The mammographic and MRI features were retrospectively analyzed in a blinded manner without clinical information by two breast radiologists (K.R.C., S.E.S., with 21 and 11 years of experience in breast imaging, respectively) using the 2013 BI-RADS lexicon.25 Mammographic findings were evaluated with regard to the calcifications (presence vs. absence), and tumor location (outer vs. inner) (Fig. 2D). The shape, margin, density and echogenicity of tumors on mammography and ultrasound were not evaluated because we intended to use those findings from MRI. MRI features were evaluated in terms of mass shape (round to oval vs. irregular), mass margin (circumscribed or irregular vs. spiculated), mass internal enhancement (homogeneous or heterogeneous vs. rim), intratumoral high signal intensity and peritumoral edema on T2-weighted image (presence vs. absence) (Fig. 2E).

Data analysis

Clinical data (menopause, symptom, family history of breast cancer) were reviewed from the electronic medical records. Imaging data were obtained from radiology reports. Pathological data were acquired from histopathological reports of surgery. Pathologic data of primary breast cancer and LN metastasis were evaluated from surgical and pathologic reports. According to the eighth edition of the American Joint Committee on Cancer (AJCC) staging, pN1mi which means micrometastases (larger than 0.2 mm, but none larger than 2.0 mm) at LN was defined as pN1.21 At least one LN metastasis including pN1mi was considered as disease positive. In addition, HNB was defined as ≥ 3 positive LNs and low nodal burden was defined as 1–2 positive LNs according to the Z0011 trial.4 5 Estrogen receptor (ER) and progesterone receptor (PR) positivity were defined as the presence of positive staining in at least 1% of the nuclei in ten high-power fields. Human epidermal growth factor receptor 2 (HER2) negativity was defined as an immunohistochemical score of 1+ or 2+ staining with negative HER2 gene amplification on fluorescence in situ hybridization. Histologic type was categorized as ductal or other, and histologic grade was categorized as low (grade 1 or 2) or high (grade 3). Molecular subtypes were categorized as luminal (ER and/or PR-positive and HER2-negative), HER2-enriched (ER/PR-positive or negative, HER2-positive), or triple-negative (ER-negative, PR-negative, and HER2-negative).22 The Ki-67 proliferation index was dichotomized as low (< 14%) or high (≥ 14%).22

Statistical analysis

Baseline characteristics were compared using the Mann-Whitney U test, independent t-test, or independent χ² test.

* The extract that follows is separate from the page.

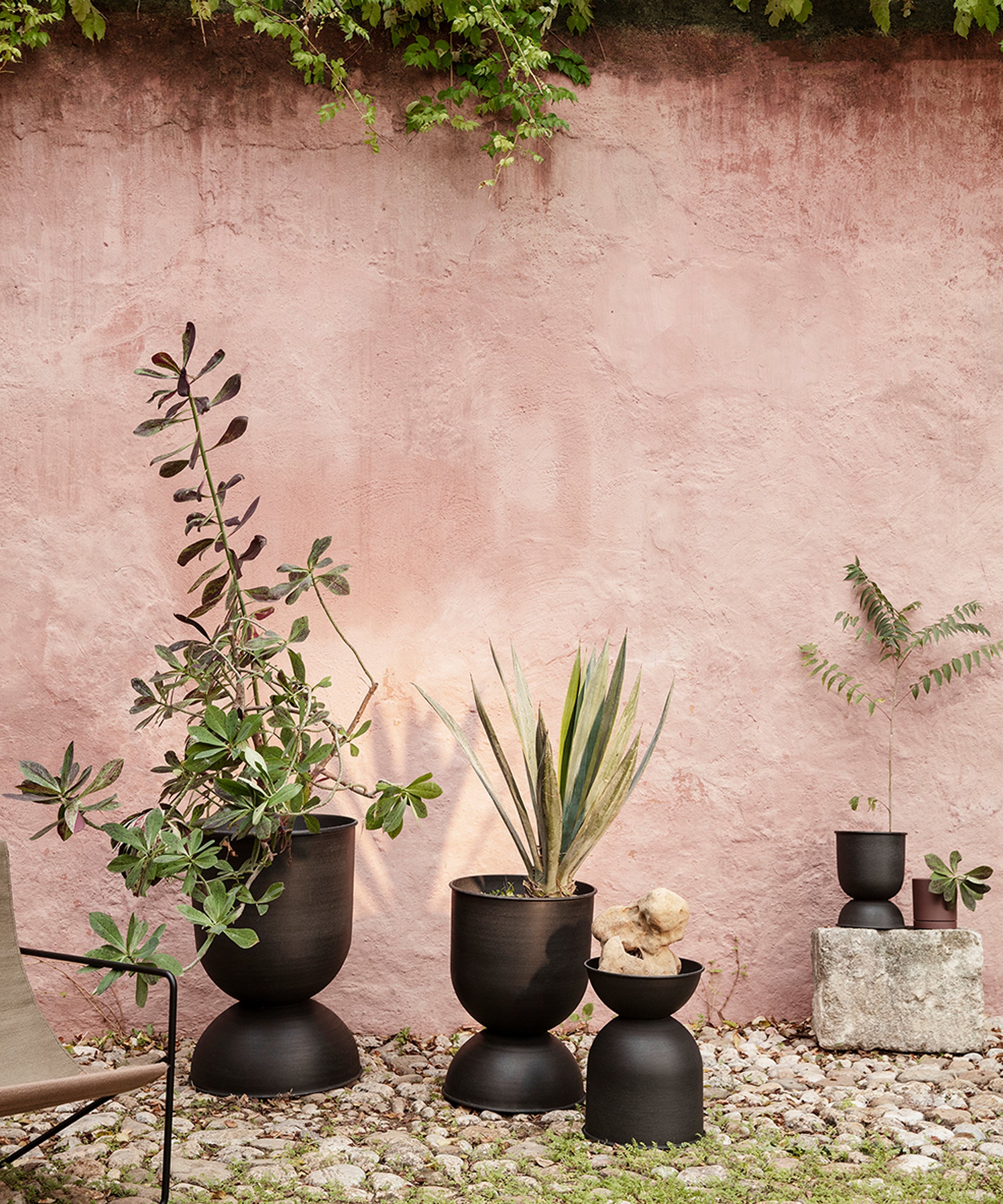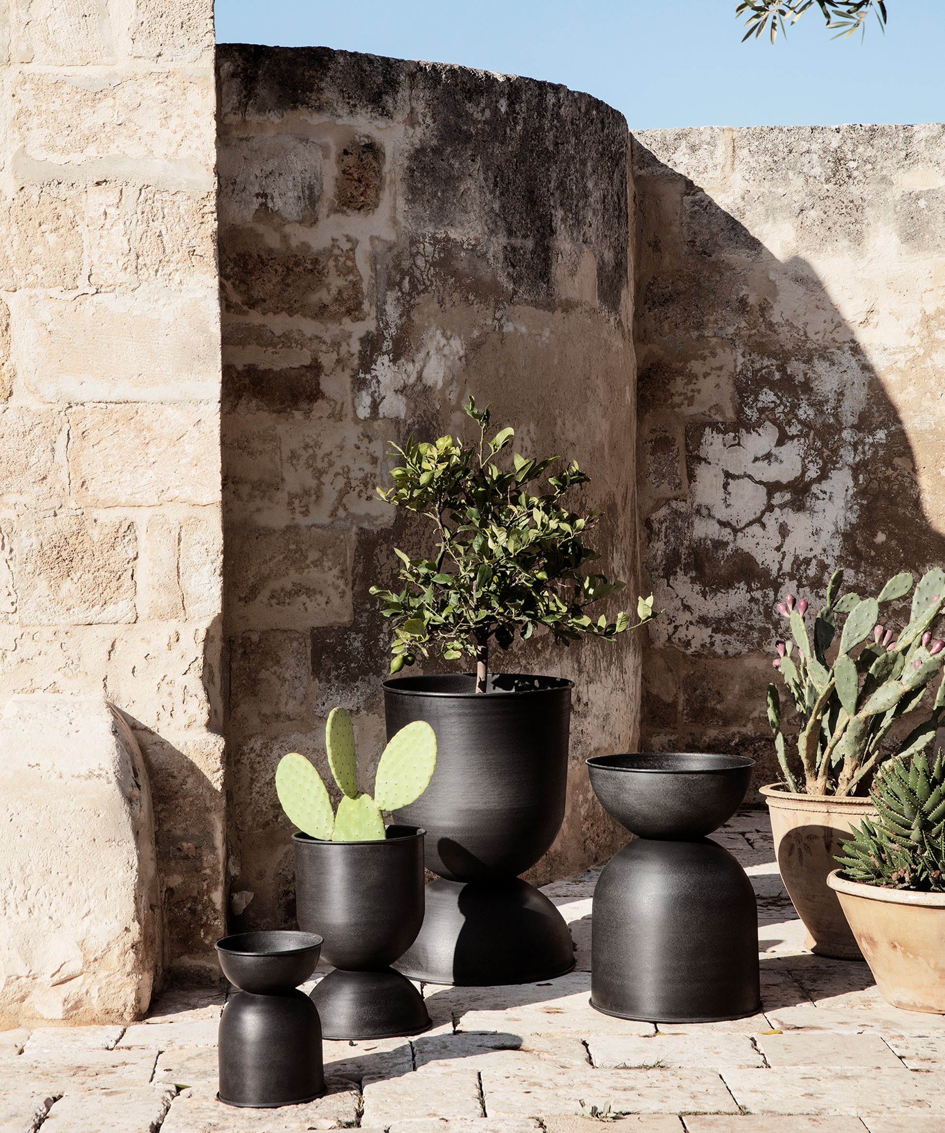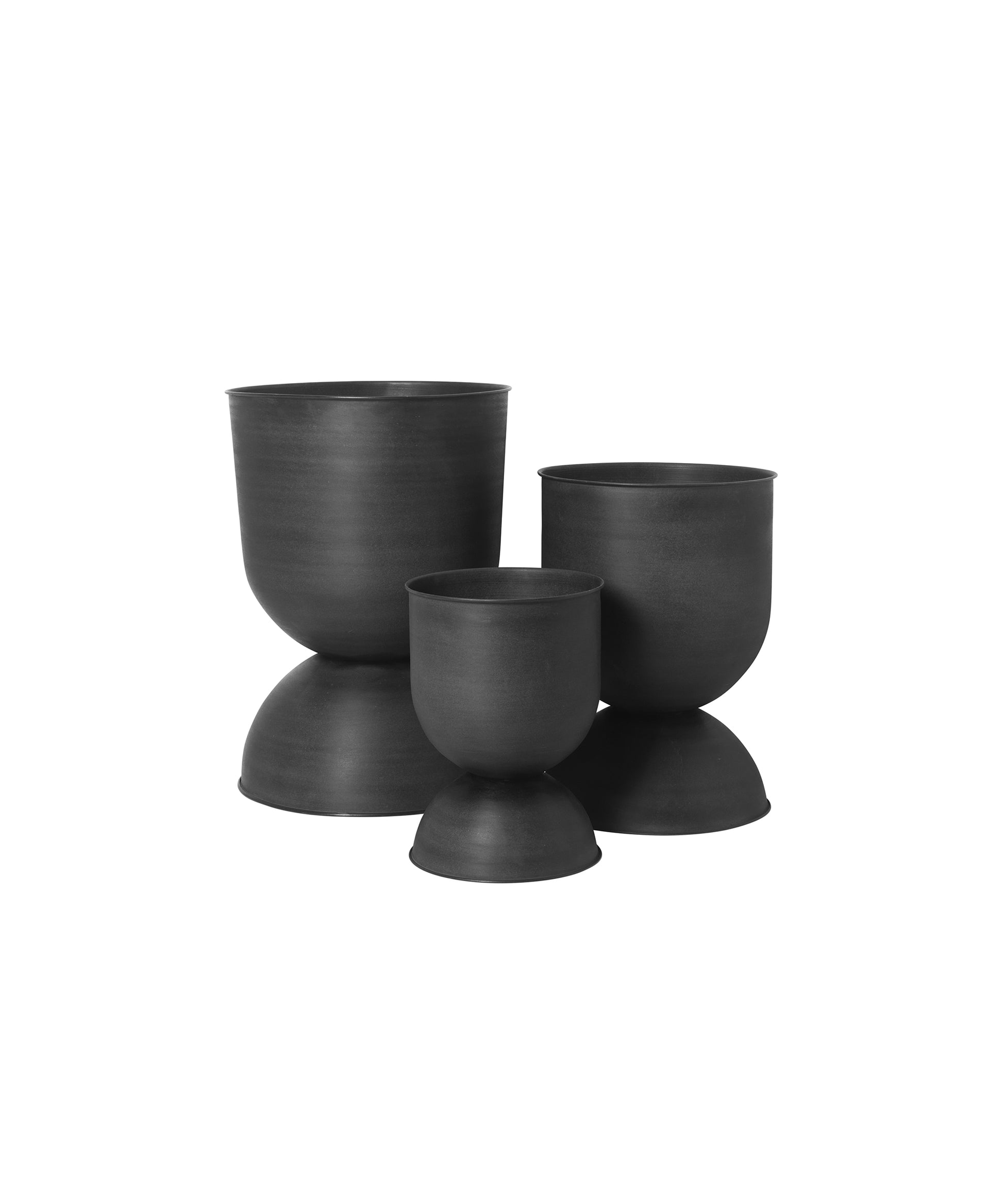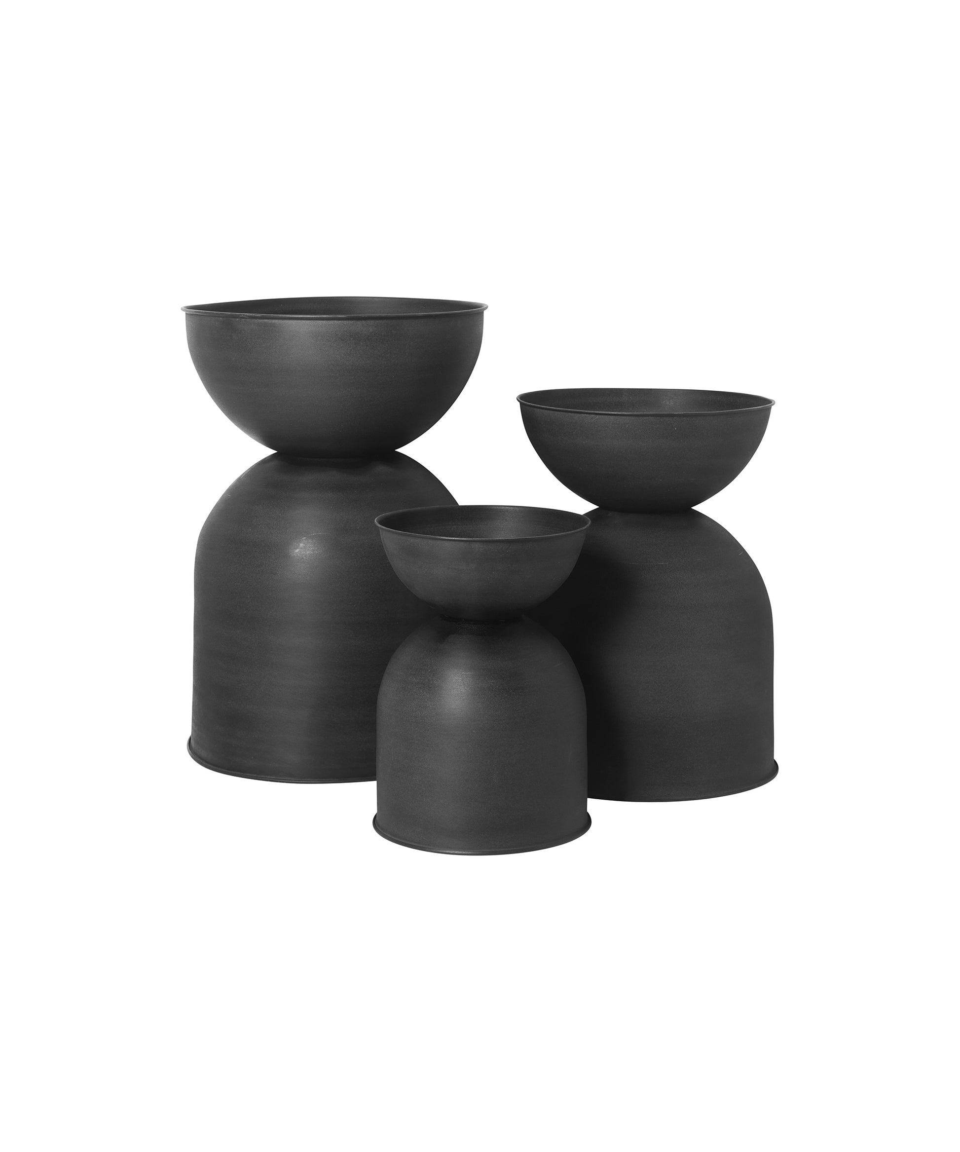 The pot can be both ways according to the plant's needs. No matter which way you turn it, you're sure to make a statement. The pots are made of metal with a matte finish and have been treated to be suitable for outdoor use. Drainage hole with rubber cap for both directions. Available in three sizes

The diagnostic performance of breast MRI and nomogram was assessed using sensitivity, specificity, PPV, and NPV. Logistic regression analysis was performed to identify clinical and imaging factors associated with axillary LN metastasis. For multivariable analysis, covariates with P values < 0.05 in the univariable analysis with forward elimination were used. Based on the adjusted odds ratio (OR) from multivariate analysis, clinical-imaging model was constructed and the nomogram was developed to visualize the results of the predictive model. Internal and external validation of nomogram was performed in development and validation sets. For validation, discrimination and calibration were assessed using area under the curve (AUC) and calibration slope. All statistical analyses were performed by using SPSS for Windows (version 20.0; IBM Corp., Armonk, NY, USA) and open-source R software (version 3.5.1; R Foundation for Statistical Computing, R Foundation, Vienna, Austria).

Ethics statement

The Institutional Review Board (IRB) of Korea University Anam Hospital approved this retrospective study (IRB No.: 2021AN0464). The IRB waived the need for informed consent.

RESULTS

Characteristics of the sets

A total of 948 consecutive female patients were included (mean age ± standard deviation, 55.8 ± 10.9; range, 28–87 years) with 402 female patients (57.61 ± 11.58) in the development set and 546 patients (54.43 ± 10.02) in the validation set. A comparison of characteristics between the two sets is listed in Table 1. Compared to the development set, the validation set was composed of younger patients, pathologic T2 stage, lymphovascular invasion, luminal subtype, higher Ki-67, BI-RADS 5 assessment category on US, and positive axilla on MRI (all P < 0.05).

Table 1

Patient and tumor characteristics in two medical centers

Variables			Development set from Korea University Anam Hospital (n = 402)	Validation set from Korea University Guro Hospital (n = 546)	P value
Patient and tumor characteristics
	Age		57.61 ± 11.58	54.43 ± 10.19	< 0.001
	Histologic type				0.210
		Ductal	349 (86.8)	458 (83.9)
		Others	53 (13.2)	47 (16.1)
	Histologic grade				0.912
		I or II	291 (72.4)	397 (72.7)
		III	111 (27.6)	149 (27.3)
	Estrogen receptor				0.112
		Positive	352 (87.6)	458 (83.9)
		Negative	50 (12.4)	88 (16.1)
	Progesterone receptor				0.088
		Positive	331 (82.3)	425 (77.8)
		Negative	71 (17.7)	121 (22.2)
	HER2				0.097
		Positive	56 (13.9)	98 (17.9)
		Negative	346 (86.1)	448 (82.1)
	Molecular subtype				0.001
		Luminal	315 (78.4)	470 (86.1)
		HER2 enriched	56 (13.9)	31 (5.7)
		Triple negative	31 (7.7)	45 (8.2)
	Ki-67				< 0.001
		Low (< 14%)	238 (59.2)	193 (35.3)
		High (≥ 14%)	164 (40.8)	353 (64.7)
	Pathologic T stage				0.005
		T1	307 (76.4)	372 (68.1)
		T2	95 (23.6)	174 (31.9)
	Pathologic LN status				0.723
		No LN metastasis	321 (79.9)	441 (80.8)
		Low nodal burden (1–2 positive LNs)	76 (18.9)	93 (17.0)
		High nodal burden (≥ 3 positive LNs)	5 (1.2)	12 (2.2)
	Lymphovascular invasion				0.005
		Yes	42 (10.4)	92 (16.8)
		No	360 (89.6)	454 (83.2)
Imaging features
	BI-RADS category on US				0.002
		C4	252 (62.7)	286 (52.4)
		C5	150 (37.3)	260 (47.6)
	T stage measured on US				< 0.001
		T1	337 (83.8)	403 (73.8)
		T2	65 (16.2)	143 (26.2)
	Positive axilla on MRI				0.046
		No	367 (91.3)	476 (87.2)
		Yes	35 (8.7)	70 (12.8)

Values are presented as mean ± standard deviation or number (%).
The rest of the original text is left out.